Nur mit Mühe halte ich meinen schweren Atem zurück, als er die Hand auf meinem Oberschenkel platziert. Mir ist bewusst, dass er mich ärgern und vielleicht auch etwas testen will, daher reagiere ich noch nicht. Das leichte, intensive Kraulen ist jedoch schwerer zu ignorieren.
„Tja, ich scheine eine magische Anziehungskraft zu haben, für welche, die mich immer nur ausnutzen wollen und es doch nicht tun." Zum Glück, dass Sam nicht weiß, dass dem nicht so ist und ich nur ihn meine. Zurzeit bin ich nämlich nur in Kontakt mit welchen in meinem Alter gewesen und die waren einfach nicht bereit. Für gar nichts. Von küssen werden halt nicht alle Bedürfnisse befriedigt.
„Wenn dem so ist, dann will ich ja nicht den falschen Eindruck erwecken." sagt er leicht spitzbübisch und nimmt die Hand wieder weg. Dass ich durch seine Berührungen etwas Linderung verspürt habe, erzähle ich Sam nicht.
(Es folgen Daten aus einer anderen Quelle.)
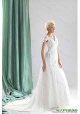 white v neck brautkleider with court train |
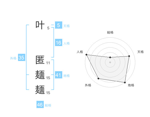 叶 匿麺麺さんの総格は46画の1点
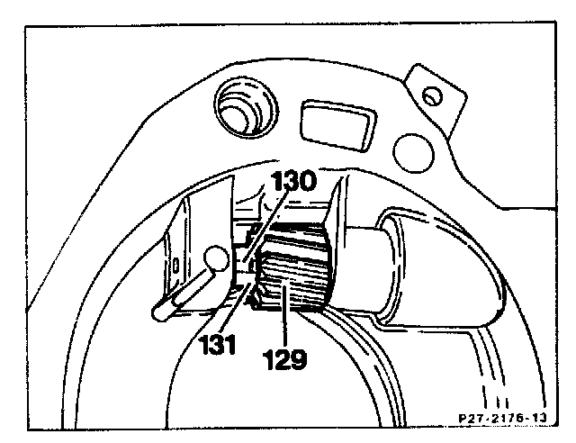 14. Remove drive gear (129) for mechanical speedometer.Take off locking element (131), take out shaft (130) and drive gear (120).
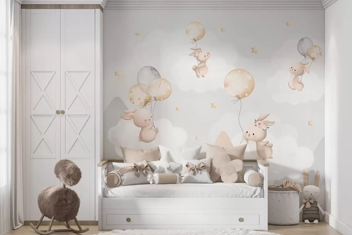 Fototapety Zajačiky s balónmi na oblakoch medzi vrcholmi hôr Nr. w03375v1
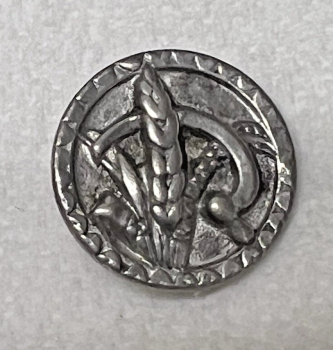 2 Antique Round Metal Dress Buttons Sickles w Wheat Grain Silver & Gold Flasher
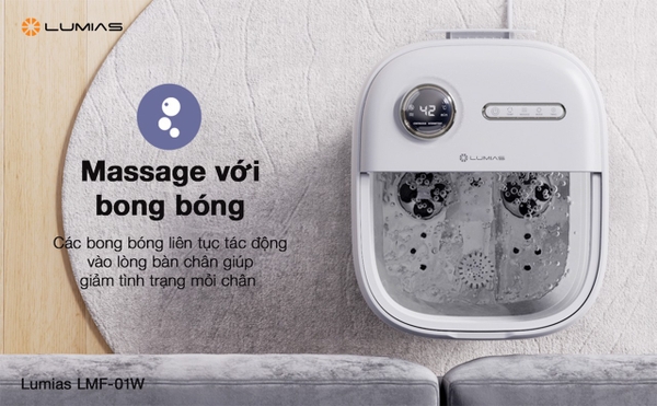Bồn massage chân Lumias LMF-01W mang đến trải nghiệm thư giãn hoàn toàn mới với công nghệ massage bằng bong bóng độc đáo. Hàng ngàn bong bóng li ti sẽ nhẹ nhàng tác động vào lòng bàn chân, xoa dịu các cơ bắp căng cứng, giảm tình trạng mỏi chân hiệu quả. Cảm giác như đang được ngâm chân trong một spa cao cấp ngay tại nhà.
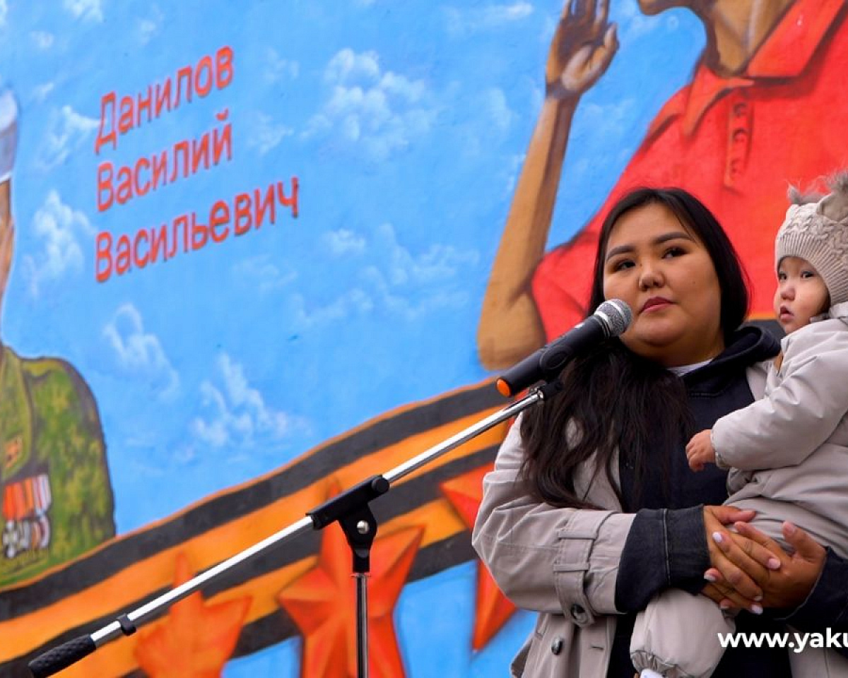 В рамках Всероссийской патриотической акции «Граффити. Защитник» 22 сентября в Якутске открыли мурал, посвященный участнику специальной военной операции Василию Данилову. Мурал на фасаде корпуса 1/2 202 микрорайона нарисовал художник патриотического проекта Евгений Курдюмов.
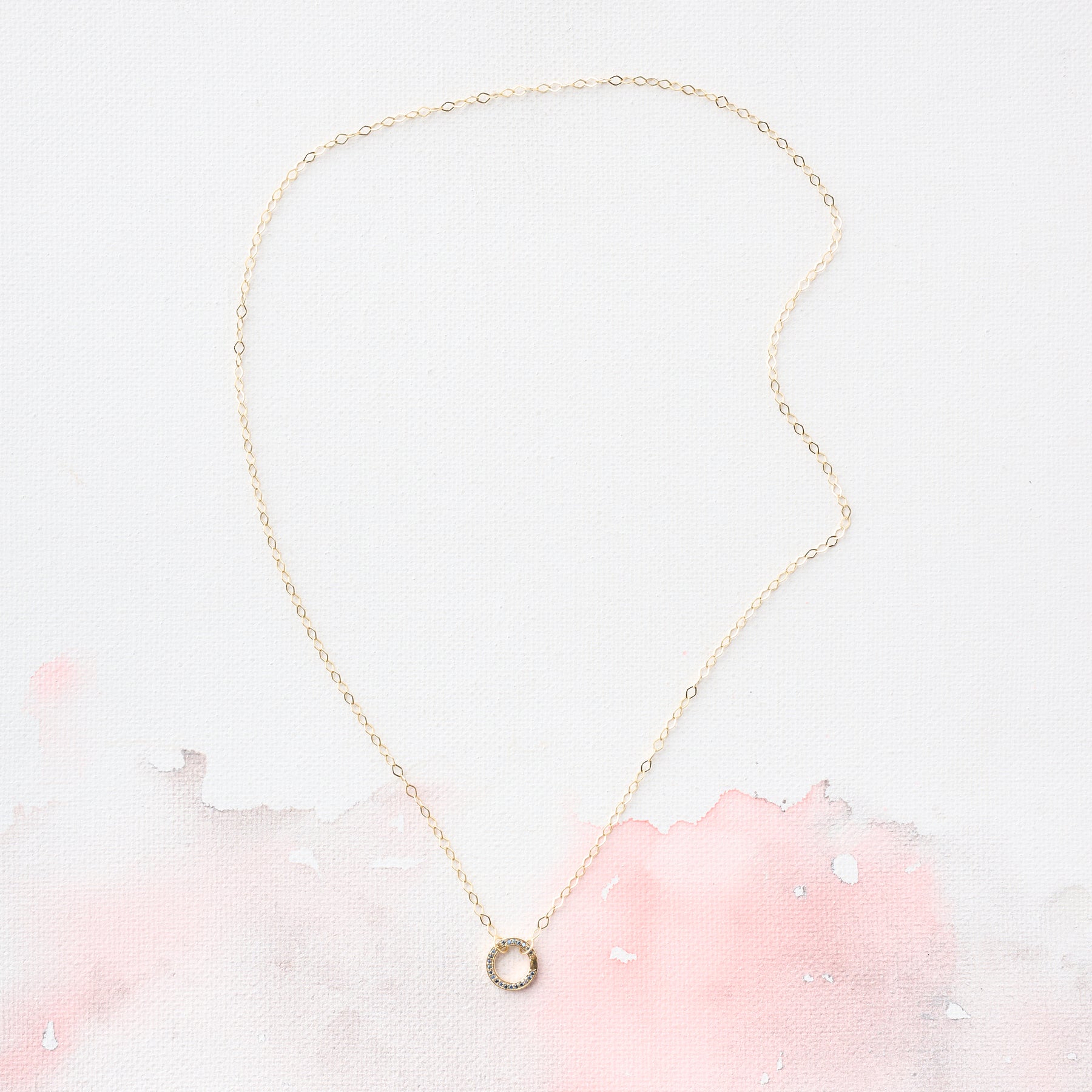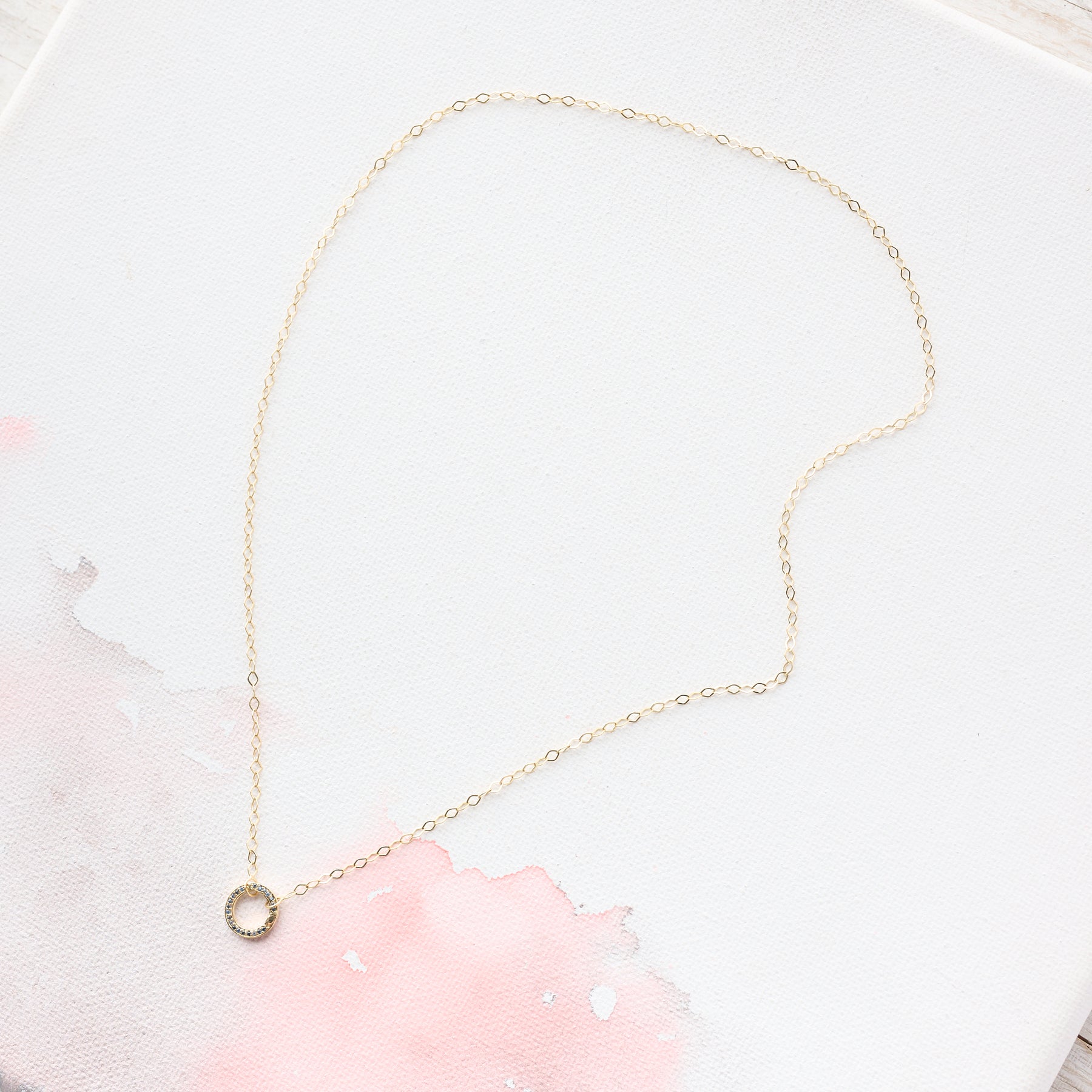 A diamond-set circle clasp shines in 14k gold, blending symbolic elegance with bold design for a refined, statement-making silhouette.
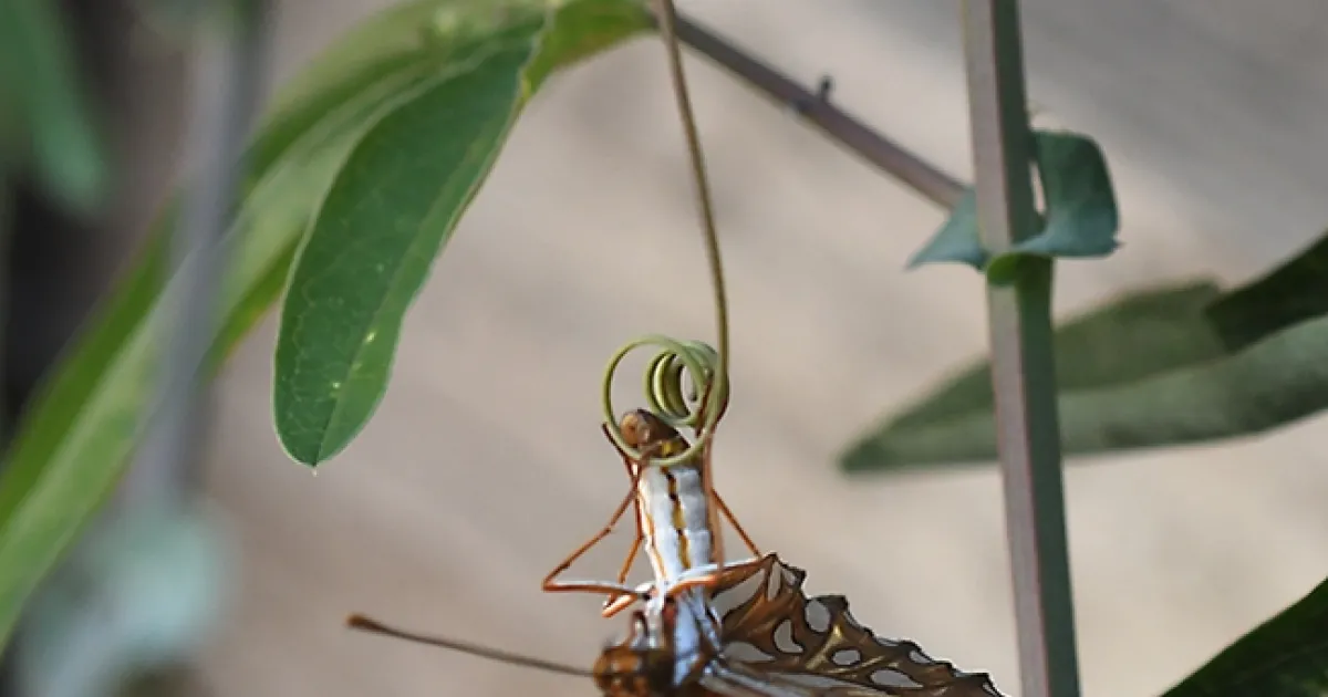But Gulf Fritillary butterflies, Agraulis vanillae, don't always lay their eggs on the tendrils of their host plant, the passionflower vine (Passiflora) although textbooks may indicate that.

„Es sei denn du willst genau das wieder haben." Sam möchte wohl wissen was in mir vorgeht. Möchte erfahren, ob er richtig handelt, ob es mir gefällt. Und das tut es.
„Leg die Hand da wieder hin und ich bin nicht in der Lage für etwas zu garantieren." erkläre ich ihm ruhig. Soll er doch selbst entscheiden was passiert. Ich übernehme jetzt keine Verantwortung mehr. Selbst der nächste Kuss könnte zu viel sein. Deutlich sehe ich wie Sam überlegt und abwägt, was er jetzt machen soll. Bis er sich entschließt mich einfach wieder zu küssen.
„Ich möchte dich nicht weiter quälen." säuselt Sam mit einem frechen Grinsen, während er sich kurz von mir löst und mich ansieht.
„Und trotzdem hast du es geschafft, dass ich mir zu Hause selbst einen runterholen muss, damit der Schmerz aufhört."

Immer meine offene Art. Das wollte ich doch eigentlich gar nicht sagen. Aber ich leide einfach und Sam trägt dazu nicht unerheblich bei. Bevor er gestern in mein Leben getreten ist, war es immer noch recht zum Aushalten, aber das ist nun auch vorbei.

„Da möchte ich gerne Mäuschen spielen." kichert er seine Erwiderung. Meine offene Art scheint ihn zu gefallen und zeigt ihm vielleicht auch etwas, dass ich keine Angst vor mir selbst und meinen Gefühlen habe. Während Sam jedoch seine Antwort kichert, legt er seine Hand unbewusst wieder auf meinen Oberschenkel.
„Lass die Hand da liegen und du brauchst nicht Mäuschen spielen." So extrem habe ich ja noch nie reagiert. Ich weiß nicht was das ist und wieso dem so ist, doch irgendwie gefällt es mir. Von meinem Schenkel breitet sich eine Gänsehaut aus, die ein unfassbar schönes Gefühl begleitet.
„Hast du so wenig Selbstbeherrschung?" Werde ich deswegen gefragt. Für eine empörte Antwort reicht es nicht mehr. Ich brauche meine Konzentration für andere Sachen.
„Eigentlich verdammt viel, aber du reißt gerade alles ein." Wieder gibt es eine ehrliche Antwort von mir. Irgendwie hoffe ich, dass ich damit auch etwas erreiche und er mich ab morgen nicht ignoriert. Vielleicht weckt es ja etwas Faszination bei Sam.

Das ist jetzt seit einer Weile das erste Mal, dass ich mich bei jemand anderem so wohl fühle und das obwohl ich ihn kaum kenne. Ich weiß nicht, was das ist und was er mit mir anstellt. Doch diesmal bin ich mir sicher, wenn Sam mich doch, aus welchem Grund auch immer, zurückweißt, dann bin ich wirklich geknickt. Ich befürchte fast, dass dann nicht einmal mehr Ablenkung helfen wird.